Deze recentere bevindingen suggereren dat de rol van RM bij de aanhoudende dyspneu als gevolg van COVID-19 groter kan zijn dan oorspronkelijk werd aangenomen.
Daarom lijkt screening op RM-zwakte en het bieden van interventies om de RM-prestaties te verbeteren belangrijk voor patiënten met COVID-19.
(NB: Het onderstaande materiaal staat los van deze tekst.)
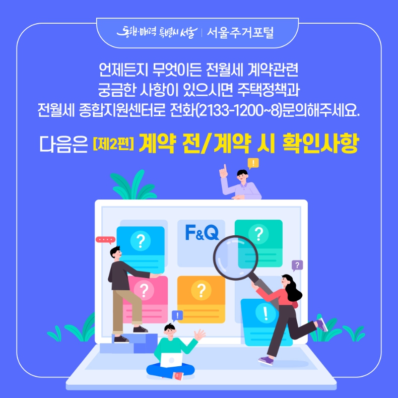 좀 더 궁금하신 내용은 전, 월세 계약 시 반드시 체크하여야 할 사항을 알려주는 주택정책과 전월세종합지원센터로 문의하시면 됩니다.

Dit artikel gaat in op de impact van SARS-CoV-2-infectie op RM-prestaties en biedt klinische aanbevelingen voor screening van RM-prestaties en behandelingsinterventies.
Invoering
Bij de start van de pandemie van de coronavirusziekte 2019 (COVID-19) ging de meeste aandacht uit naar de effecten van het ernstige acute respiratoire syndroom coronavirus 2 (SARS-CoV-2) op de longen.
Dit kwam omdat SARS-CoV-2 het lichaam infiltreert via de slijmvliezen in de nasopharynx en het strottenhoofd en coronavirussen typisch de luchtwegen aantasten [ 1 , 2 ].
Bovendien ontwikkelden veel patiënten met ernstige COVID-19 acuut respiratoir distress syndroom (ARDS) en respiratoire insufficiëntie die mechanische beademing (MV) nodig hadden [ 1 ].
Het is nu duidelijk dat SARS-CoV-2-infectie resulteert in schade aan meerdere organen, voornamelijk gemedieerd door virale infiltratie via angiotensine-converting enzyme-2 (ACE-2)-receptoren op het oppervlak van cellen [ 1, 3 ].
De omvang van deze schade aan organen blijft echter onduidelijk, vooral in gevallen van COVID-19 waarvoor geen ziekenhuisopname nodig is [ 3 ].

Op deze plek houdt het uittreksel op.